Avoid the autonomy trap
I have worked at startups pre, during, and post hypergrowth. Each of them used a version of the same strategy to unlock organizational scaling - autonomous teams. Autonomous teams are vertically integrated, business-function oriented, and small. They can build, ship, and maintain basically independently. More than one of these organizations referenced “The Spotify Model” as inspiration.
The insight most people seem to take away from The Spotify Model is that it’s better to focus on autonomy than alignment early on. The line of reasoning goes that overindexing on alignment too early presents the risk that you will block progress and delivery, and in the early stage of a company you can’t afford to do that. Getting out of the way of teams lets them build what they want, and you try your best to align that with business goals with KPIs and stakeholders to whom they are accountable. You can accept the risk that teams may be duplicating work, not building a cohesive product or system, and generally optimizing for local rather than global maxima, but you can’t accept the risk that nobody can get anything done without some centralized authority rubberstamping a plan, or without depending on other teams that have their own priorities.
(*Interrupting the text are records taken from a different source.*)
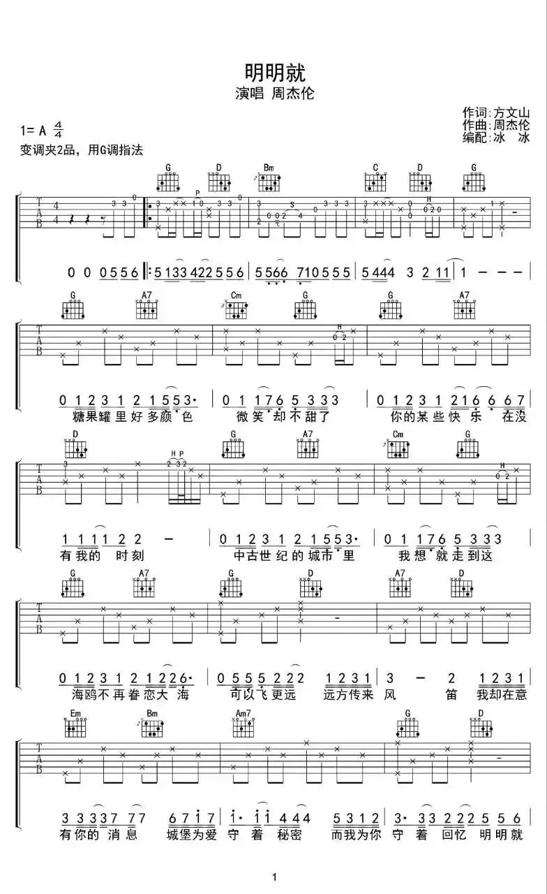 周杰伦《明明就》吉他谱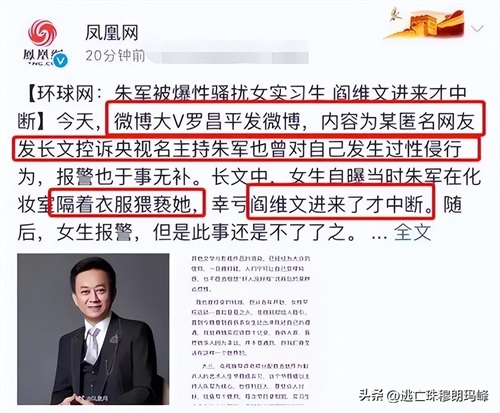 这一年,一个叫“弦子”的女生在自己的微博上发出一篇长文,直接指控央视名主持人朱军对她实施了性骚扰。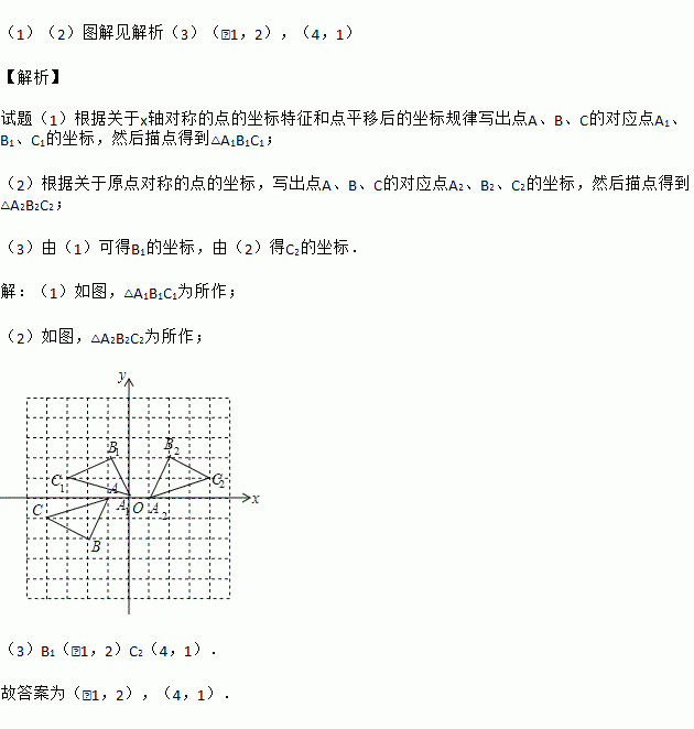 (2)作△ABC关于坐标原点成中心对称的△A2B2C2.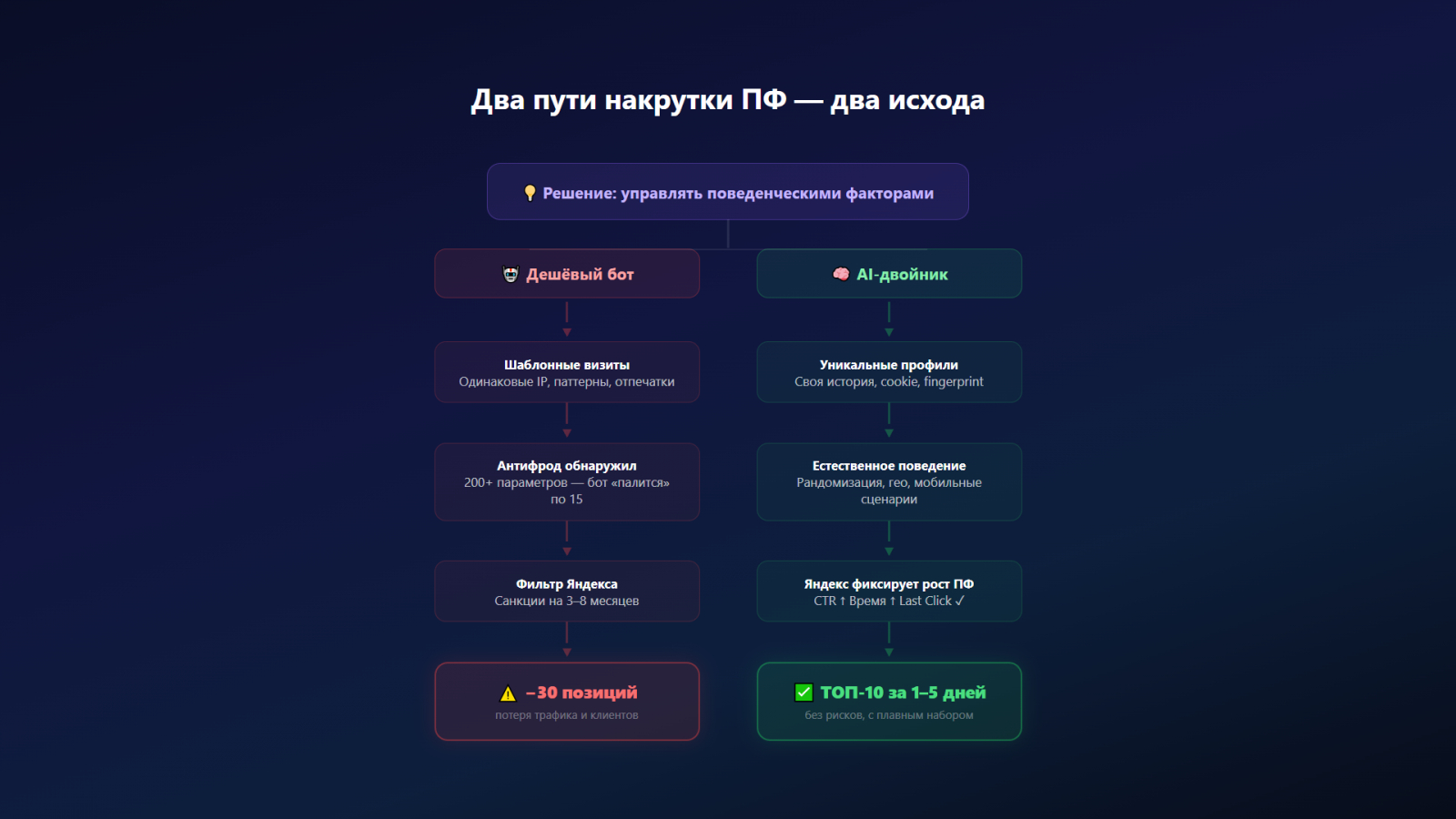 Смотрите какая штука: обычный бот выполняет инструкцию «зайди на сайт, проведи 2 минуты». AI-двойник проживает визит: решает, куда кликнуть, где задержаться, когда уйти. Для Яндекса это неотличимо от живого пользователя, потому что по всем техническим параметрам — это и есть живой пользователь.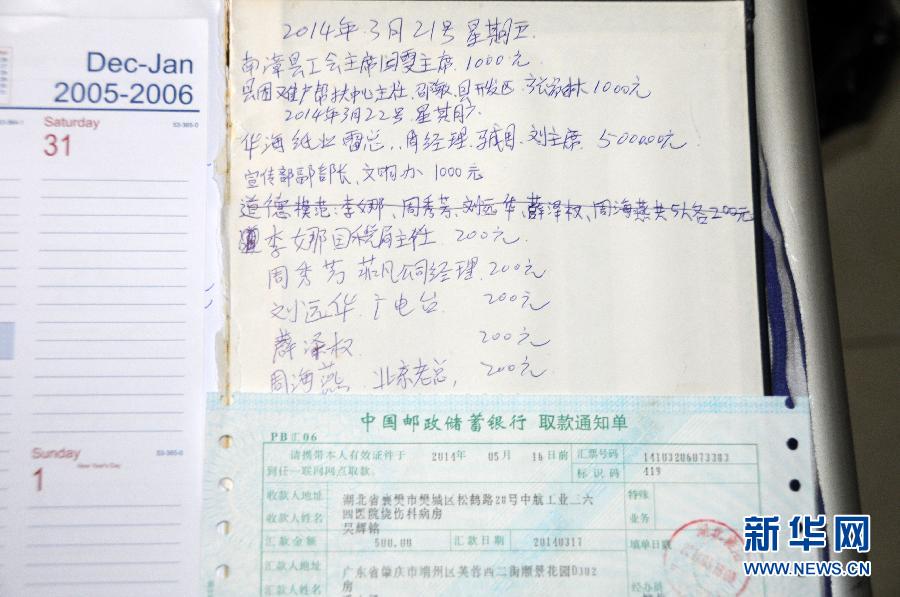 母亲张明荣记下的爱心本,目前社会捐款达到11000元(3月25日摄)。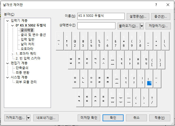 이번에는 한글 'ㅔ'을 문자 ';'로 바꾸는 것이기 때문에 한글 조합 -> 두벌식에서 낱자 단위 두 번째에 위치한 'ㅔ'를 지워줍니다.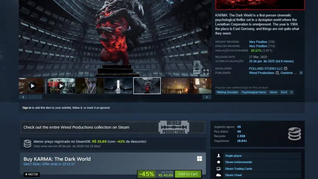 KARMA: The Dark World está por apenas R$ 67,82 no Steam, utilizando o cupom FAZOPIX. Antes do super desconto, KARMA: The Dark World custava R$ 249,50 no Steam. Porém, você precisa resgatar esses jogos até às 15h do dia 13 de fevereiro para ficar com ele.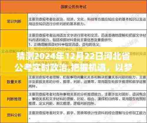 摘要:,,预计2024年12月22日河北省公考将涉及实时政治内容,考生需把握机遇,积极备考。此次公考将是一场以梦为马的奋进之旅,考生需紧密关注实时政治动态,深入了解国家政策及地方发展,为考试做好充分准备。这是一次展现考生政治素养和应变能力的机会,也是一次对河北省公务员队伍选拔的重要时刻。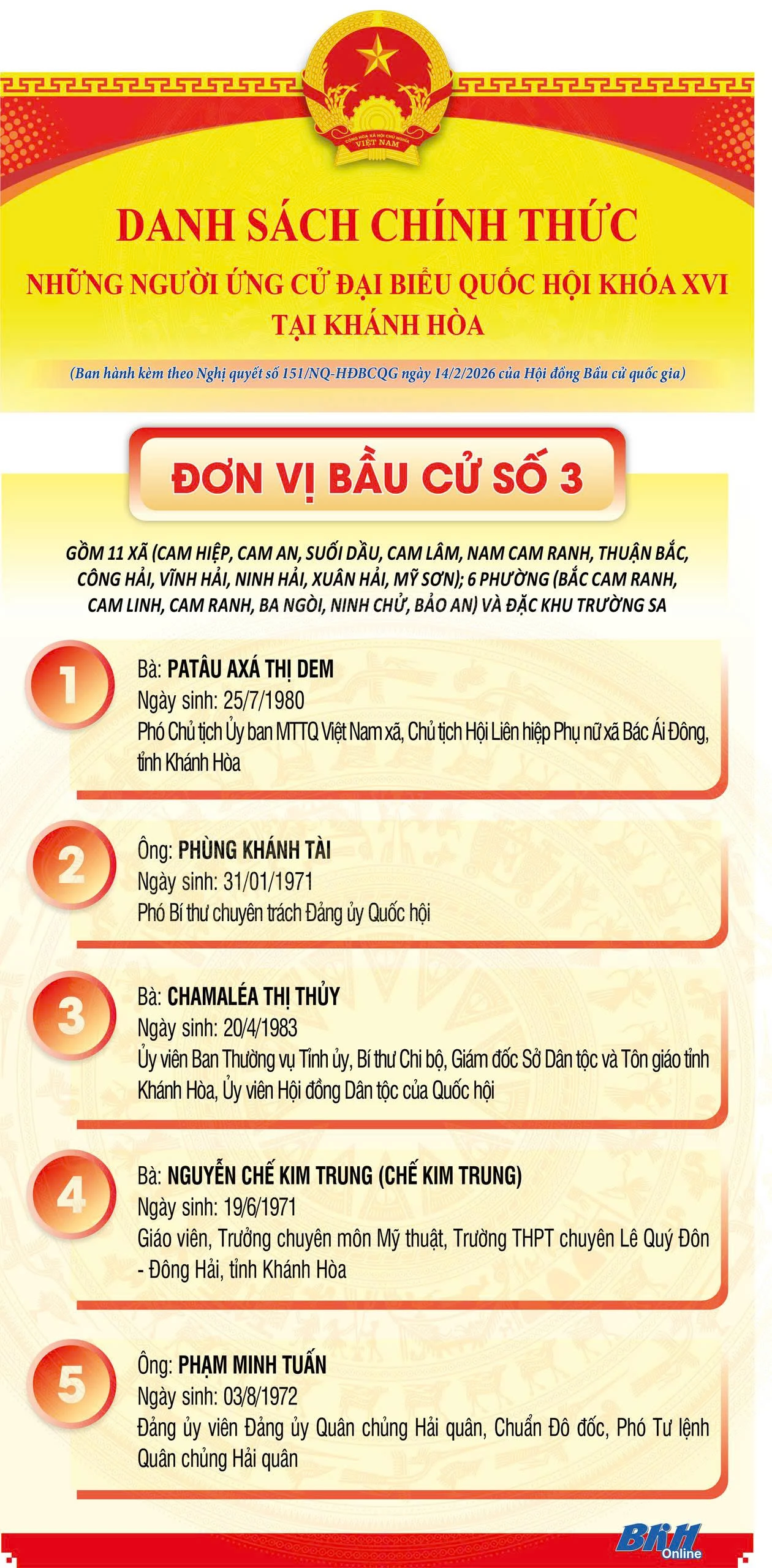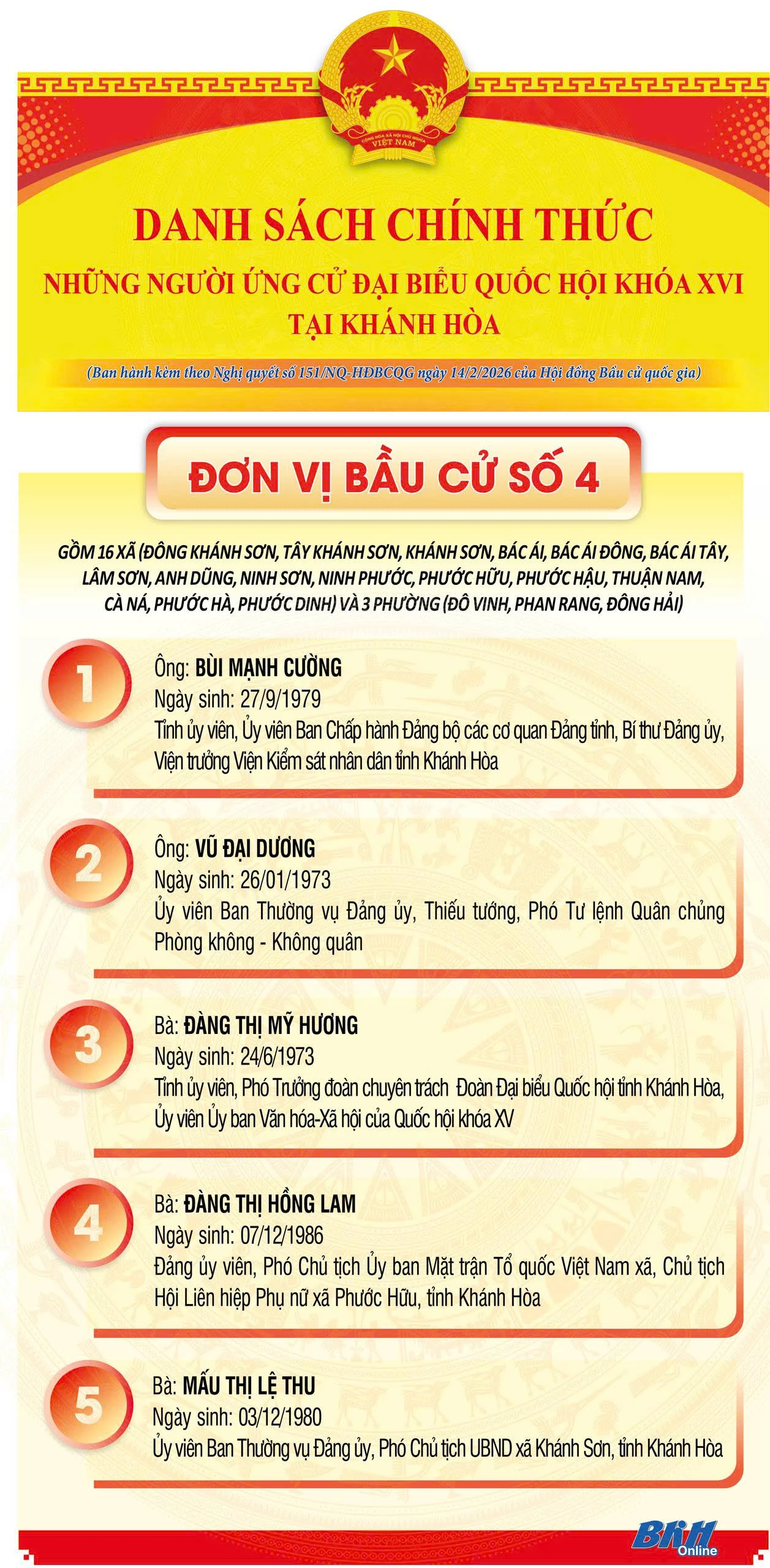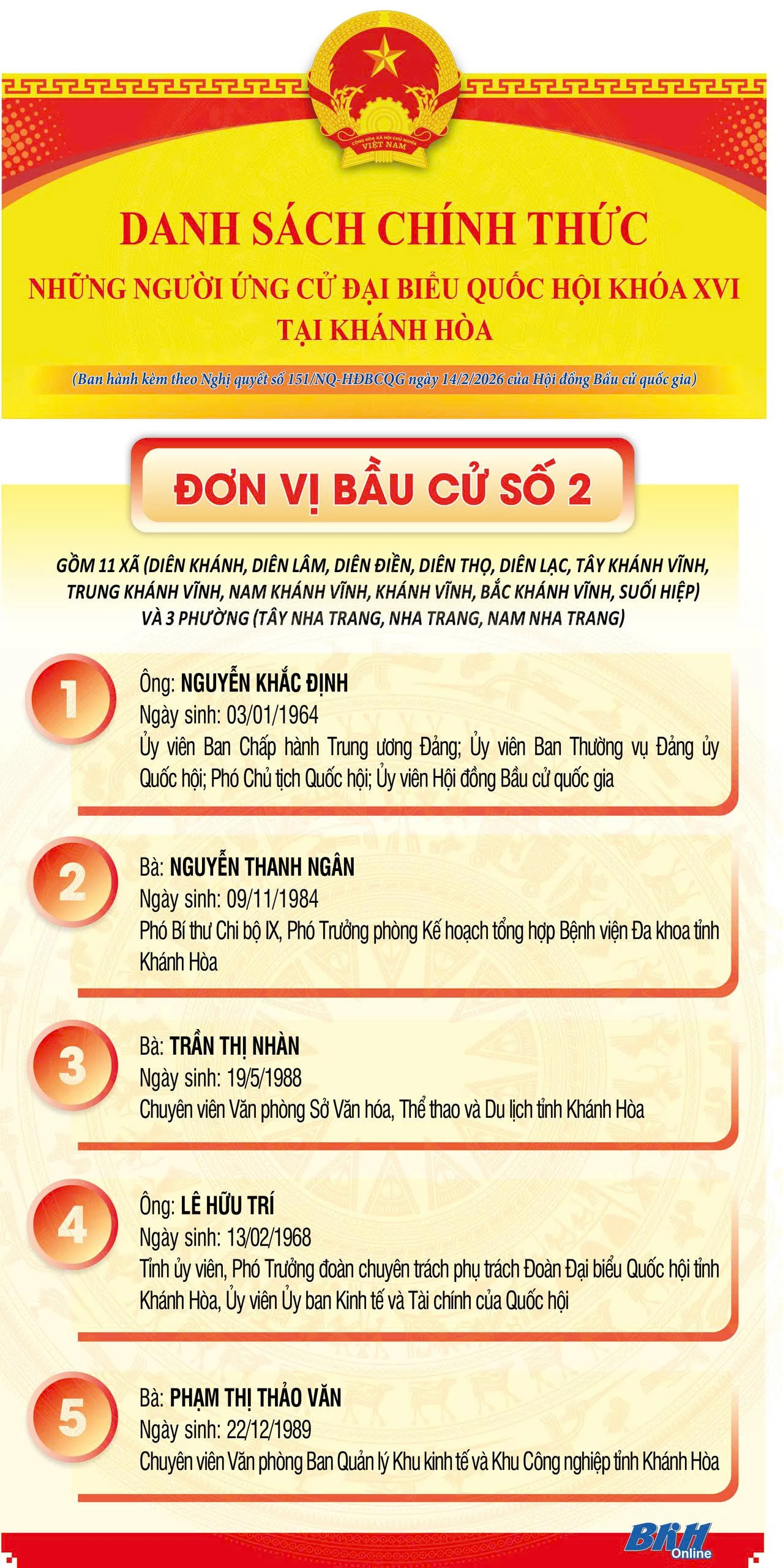 Theo Nghị quyết số 151/NQ-HĐBCQG, ngày 14/2/2026 công bố danh sách chính thức những người ứng cử đại biểu Quốc hội khóa XVI theo từng đơn vị bầu cử trong cả nước, tỉnh Khánh Hòa có 4 đơn vị bầu cử đại biểu Quốc hội; có 20 người ứng cử để bầu 12 đại biểu Quốc hội.

I think all of this is true. However, in practice what I’ve seen is a near total disregard for alignment when it comes at any cost to autonomy (it always does). Very early in a company’s lifecycle I have seen the extreme focus on autonomy help the company cross the chasm into product-market fit. A small group of people working independently can build a lot of features, and if the features are low-hanging fruit that everyone is pretty confident will add a lot of value to the product, then it’s smart to get out of the way of the builders as much as possible. Being late to market is a failure mode.
However, the technical debt incurred in this stage adds up pretty darn quickly. With no coordination and little collaboration, independent builders will make systems that solve immediate problems, and as a whole the system will be very poorly designed (because it wasn’t designed at all). This is Conway’s Law at an extreme end.
Many people think that technical debt is mostly about cutting corners to move faster, as if writing low-quality code takes less time than writing high-quality code (it doesn’t, granted the developer knows how to write high-quality code). This isn’t what I mean - technical debt really describes the fact that the needs of the business and (more commonly) your understanding of those needs change faster than you can change your technical systems.
When a group of independent builders creates an emergent, distributed system (as will happen according to Conway’s Law), the business incurs massive technical debt related to the difficult problems of distributed systems. These problems are usually completely orthogonal to the real needs the business has for its technical systems. Most companies never get to the scale where it’s necessary to solve hard distributed systems problems to meet the traffic demands of their users. Despite what microservices evangelists say, you can scale a monolith to very high demand, in a mature organization - Shopify still runs its business on a monolith.
Here’s the real kicker - distributed systems problems require alignment to solve. The canonical problem in distributed systems is summed up by the CAP Theorem, which states a tradeoff between Consistency (basically data correctness) and Availability when data is writable in multiple places. There are myriad ways to navigate this tradeoff, and each of them requires a degree of coordination between the data stores. You may have to implement specific APIs, track metadata related to the order of operations, or adopt an asynchronous communication protocol. No matter what, you won’t solve this problem without communication and coordination between the data stores, and communication and coordination between the teams building them. This requires some degree of technical alignment, which will come at a cost to team autonomy by definition.
You can solve these problems ad hoc as data becomes untrustworthy or performance suffers, but they are common problems that you will face time and again across the organization, and they are unrelated to the specifics of your business. This type of problem screams out for a reusable abstraction, to ensure that they are solved correctly, consistently, and efficiently. And to have teams get on the same page about a reusable abstraction, communication protocols, shared patterns, etc. requires alignment. It will cost something upfront, but it will very likely pay off not very far down the road.
What doesn’t work is a culture where alignment is eschewed for the sake of autonomy bar none, without considering the nuanced cases where the technical realities of software engineering push organizations to need common solutions to common difficult problems, and a coordinated effort can avoid the unnecessary complexity sinks you will create without proper consideration to distributed system design.